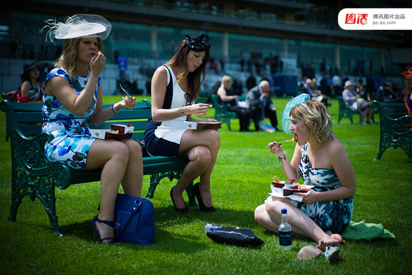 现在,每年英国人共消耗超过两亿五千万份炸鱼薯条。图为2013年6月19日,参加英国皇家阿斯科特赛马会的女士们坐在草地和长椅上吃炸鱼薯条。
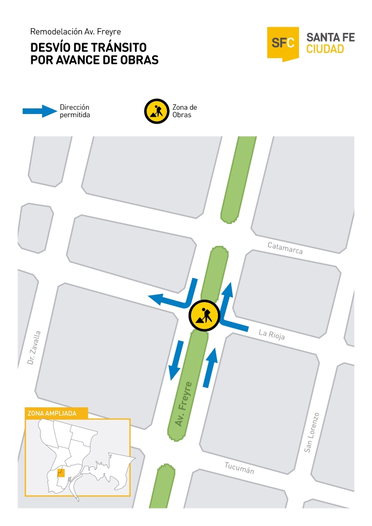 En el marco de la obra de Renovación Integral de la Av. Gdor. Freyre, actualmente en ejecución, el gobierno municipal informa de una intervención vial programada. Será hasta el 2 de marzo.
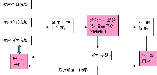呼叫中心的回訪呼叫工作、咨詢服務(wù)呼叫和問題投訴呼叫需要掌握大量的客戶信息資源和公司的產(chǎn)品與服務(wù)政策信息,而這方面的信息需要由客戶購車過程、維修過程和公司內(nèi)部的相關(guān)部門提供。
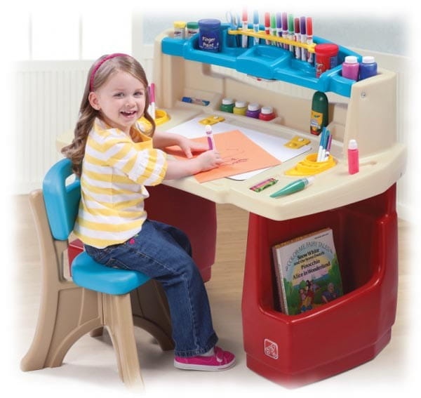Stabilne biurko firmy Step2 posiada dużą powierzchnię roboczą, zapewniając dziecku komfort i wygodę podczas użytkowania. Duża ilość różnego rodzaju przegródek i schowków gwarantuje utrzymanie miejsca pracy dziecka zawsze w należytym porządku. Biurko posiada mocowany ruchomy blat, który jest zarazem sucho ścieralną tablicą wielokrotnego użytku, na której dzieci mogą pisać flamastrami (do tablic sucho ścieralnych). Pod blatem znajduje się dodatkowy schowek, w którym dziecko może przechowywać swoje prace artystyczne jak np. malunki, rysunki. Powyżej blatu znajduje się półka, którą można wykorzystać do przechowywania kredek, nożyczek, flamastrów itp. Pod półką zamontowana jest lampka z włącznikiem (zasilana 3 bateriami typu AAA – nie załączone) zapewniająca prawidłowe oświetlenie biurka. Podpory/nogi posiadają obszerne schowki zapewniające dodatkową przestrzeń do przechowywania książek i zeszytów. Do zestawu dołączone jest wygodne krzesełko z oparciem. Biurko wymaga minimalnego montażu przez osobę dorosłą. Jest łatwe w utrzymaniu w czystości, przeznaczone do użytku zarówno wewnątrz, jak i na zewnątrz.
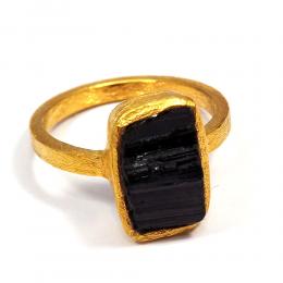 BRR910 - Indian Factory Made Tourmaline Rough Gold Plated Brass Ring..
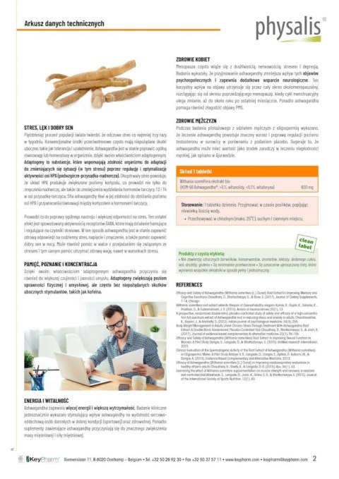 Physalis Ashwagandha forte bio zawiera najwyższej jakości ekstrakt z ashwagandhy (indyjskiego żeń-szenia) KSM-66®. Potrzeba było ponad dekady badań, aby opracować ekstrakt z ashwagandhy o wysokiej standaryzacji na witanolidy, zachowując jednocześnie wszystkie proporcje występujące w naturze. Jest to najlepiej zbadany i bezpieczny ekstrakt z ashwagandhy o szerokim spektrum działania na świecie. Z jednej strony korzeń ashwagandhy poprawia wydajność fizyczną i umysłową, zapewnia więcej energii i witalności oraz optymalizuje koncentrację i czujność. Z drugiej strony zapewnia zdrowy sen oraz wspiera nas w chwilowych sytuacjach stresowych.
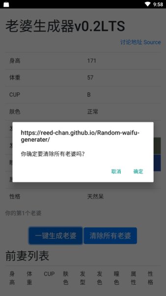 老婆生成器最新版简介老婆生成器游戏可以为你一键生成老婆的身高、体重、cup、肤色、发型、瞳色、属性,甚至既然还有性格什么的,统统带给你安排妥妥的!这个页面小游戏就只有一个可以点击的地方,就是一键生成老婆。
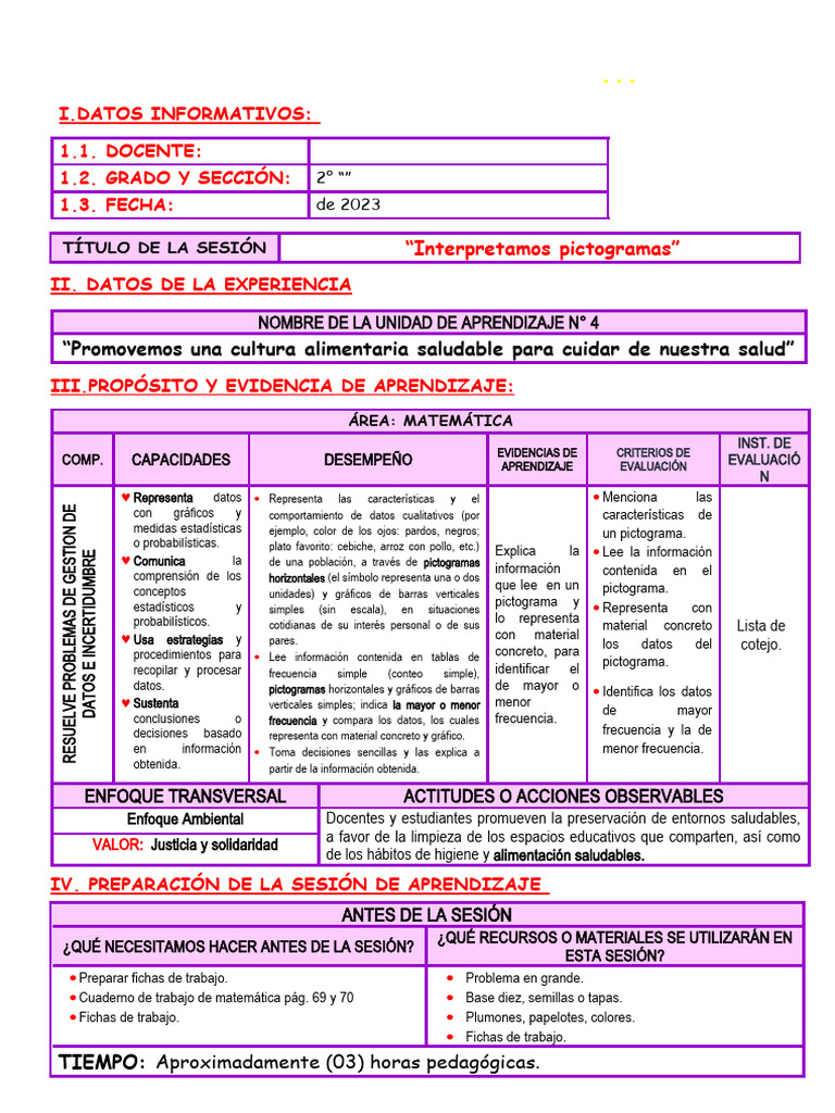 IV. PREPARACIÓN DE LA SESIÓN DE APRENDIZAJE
---
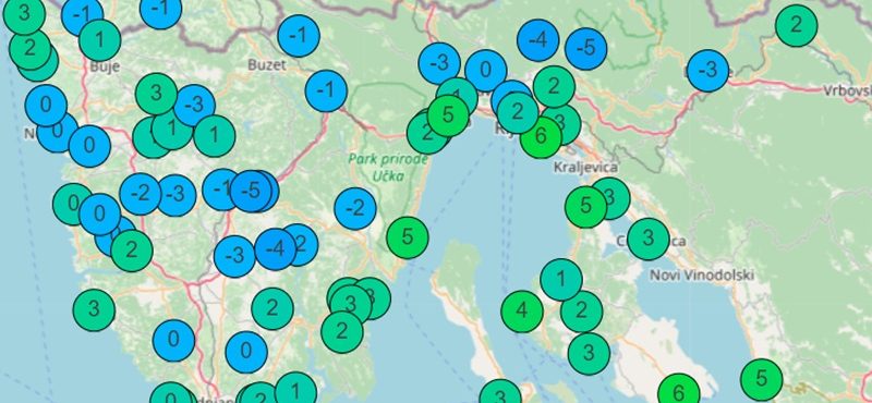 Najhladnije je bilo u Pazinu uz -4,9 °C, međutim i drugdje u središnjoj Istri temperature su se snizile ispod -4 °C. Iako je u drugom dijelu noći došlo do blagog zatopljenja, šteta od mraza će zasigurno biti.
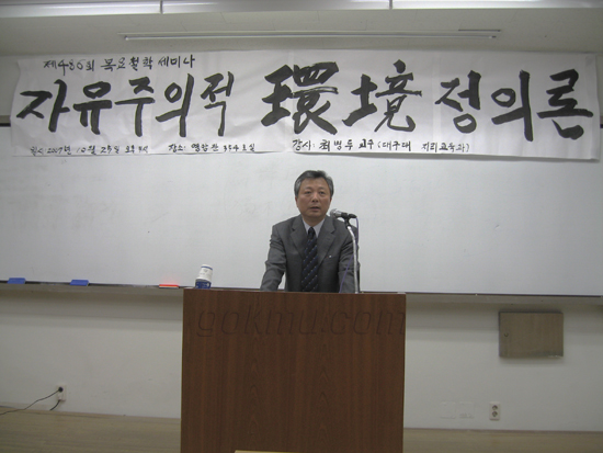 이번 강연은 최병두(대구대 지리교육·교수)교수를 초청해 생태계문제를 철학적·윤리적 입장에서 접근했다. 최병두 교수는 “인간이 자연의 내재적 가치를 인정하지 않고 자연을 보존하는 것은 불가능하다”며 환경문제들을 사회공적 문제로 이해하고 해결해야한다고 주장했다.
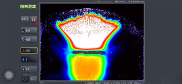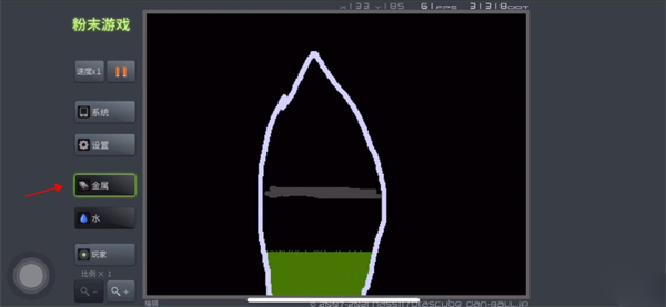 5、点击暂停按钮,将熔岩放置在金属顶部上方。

## Action item
Leaving each picture behind, please give again exactly the lines above from the one with "老婆生成器最新版简介老婆生成" through the one with "IV. PREPARACIÓN DE LA SESIÓN DE APRENDIZAJE", both included, and no others.

## The answer
 老婆生成器最新版简介老婆生成器游戏可以为你一键生成老婆的身高、体重、cup、肤色、发型、瞳色、属性,甚至既然还有性格什么的,统统带给你安排妥妥的!这个页面小游戏就只有一个可以点击的地方,就是一键生成老婆。
 IV. PREPARACIÓN DE LA SESIÓN DE APRENDIZAJE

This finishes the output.